Johann Reichhart was born on April 29, 1893 in Wichenbach near Wörth an der Donau into a family of executioners going back eight generations. During World War I, he served in the trenches at Verdun. On March 23, 1924, Reichhart applied to the Bavarian State Ministry of Justice in Munich for the position of executioner. The administration accepted his offer, allocated 150 Goldmark for each execution he performed and announced, “From April 1, 1924, Reichhart takes over the execution of all death sentences coming in the Free State of Bavaria to the execution by beheading with the guillotine.” His career began on July 4, 1924 – when he beheaded two men on the guillotine at Landshut – spanned the time of the Weimar Republic and the Third Reich.
In 1929, however, his reputation was such that he fled Germany to Holland, opening a vegetable market in The Hague. During these years, he returned to Bavaria only when he received an encrypted telegram informing him of an assigned execution. With Hitler’s rise to power in 1933, Reichhart returned to Germany and joined the Nazi Party four years later. The Nazis proved prolific superiors and Reichhart made so much money as an executioner that in 1942 he bought a private home in the Gleisse Valley, near Deisenhofen, south of Munich. Reichhart executed 3,165 people, most of them during the period 1939 – 1945 when, according to his own records, he put 2,876 men and women to death. In this Third Reich era, the executions derived largely from heavy sentences handed down by the Volksgerichtshof (People’s Court) for political crimes such as treason, and included Sophie and Hans Scholl of the German resistance movement White Rose (Reichhart executed them at Munich’s Stadelheim Prison.) Most of these sentences were carried out by Fallbeil (“drop hatchet”), a shorter, largely metal re-designed German version of the French guillotine. Reichhart served as one of four principal executioners in the Third Reich.
Reichhart was very strict in his execution protocol, wearing the traditional German executioners’ attire of black coat, white shirt and gloves, black bow tie and top hat.
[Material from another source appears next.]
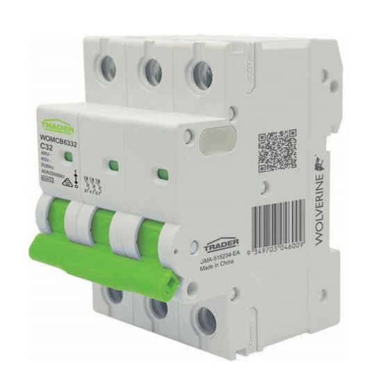 Miniature Circuit Breaker C Curve, 400/415 Volt, 32 Amp, 6 kA Interrupt Capacity, 3 Module, 3 Pole, 2.5 Nm Tightening Torque, IP20, DIN Rail Mounting, 82 mm Height, 62 mm Width, 17.8 mm Depth

He initially served as the Bavarian State Executioner. His work took him to many parts of occupied Europe, including Poland and Austria. He claimed during questioning that, toward the end of the war, as the allied armies closed in, he supposedly disposed of his mobile guillotine in a river, a claim that seems to be related to almost every guillotine in Germany at the end of the conflict.
Following Victory in Europe Day in 1945, Reichhart, who was a member of the Nazi Party, was arrested for the purposes of denazification, but was not immediately tried for carrying out his duty as one of the primary judicial executioners in the Third Reich. He was subsequently employed by the Occupation Authorities beginning in November 1945, to help execute Nazi war criminals at Landsberg am Lech by hanging. He appears to have worked for the Americans only through May 1946. According to a reliable source, Reichhart spoke to the prison commandant, sometime after hanging seven men on May 29, stating that he was worried that he was executing some innocent men. He stated that, although he was afraid of repercussions, he would rather face judicial proceedings than continue as the hangman. One source states that one of his sons assisted him at Landsberg in the executions; photographic records can not confirm that. One source credits Reichhart with hanging 42 German war criminals after the war, but it is far more likely that he hanged only 21 condemned men at Landsberg Prison and was not involved in any way with the Nürnberg executions.
His work at Landsberg terminated, police arrested Reichhart at his home in May 1947 and took him to an internment camp at Moosburg an der Isar. His court proceedings began on December 13, 1948 at Munich. On November 29, 1949, in a German (probably Bavarian) tribunal, Reichhart was sentenced to strict punishment measures. The court sentenced him to two years confinement in a labor camp and confiscation of 50% of his assets. He was forbidden from ever holding public office, voting or the right to engage in politics. Finally, Reichhart was forbidden to own a motor vehicle or possess a driver’s license. He also was ordered to pay 26,000 marks for the cost of the trial.
Financially ruined, his marriage failed, and one son, Hans, committed suicide in 1950 (he was 23.) In 1963, there were public demands, during a series of taxi driver murders, for the re-introduction of the death penalty in West Germany and Reichhart was vocal in his support for this legislation. He maintained that the preferred method of killing should be the guillotine, as it was the fastest and cleanest method of execution.
Johann Reichhart died in in a nursing home at Dorfen near Erding, Bavaria, on April 26, 1972. On May 2, 1972, his body was cremated at the crematorium at the Ostfriedhof in Munich. He is buried in in the Ostfriedhof in a family grave (Section 47, Row 2, #21) that also contains his two sons and his uncle, Franz Xavier, a prolific executioner in his own right.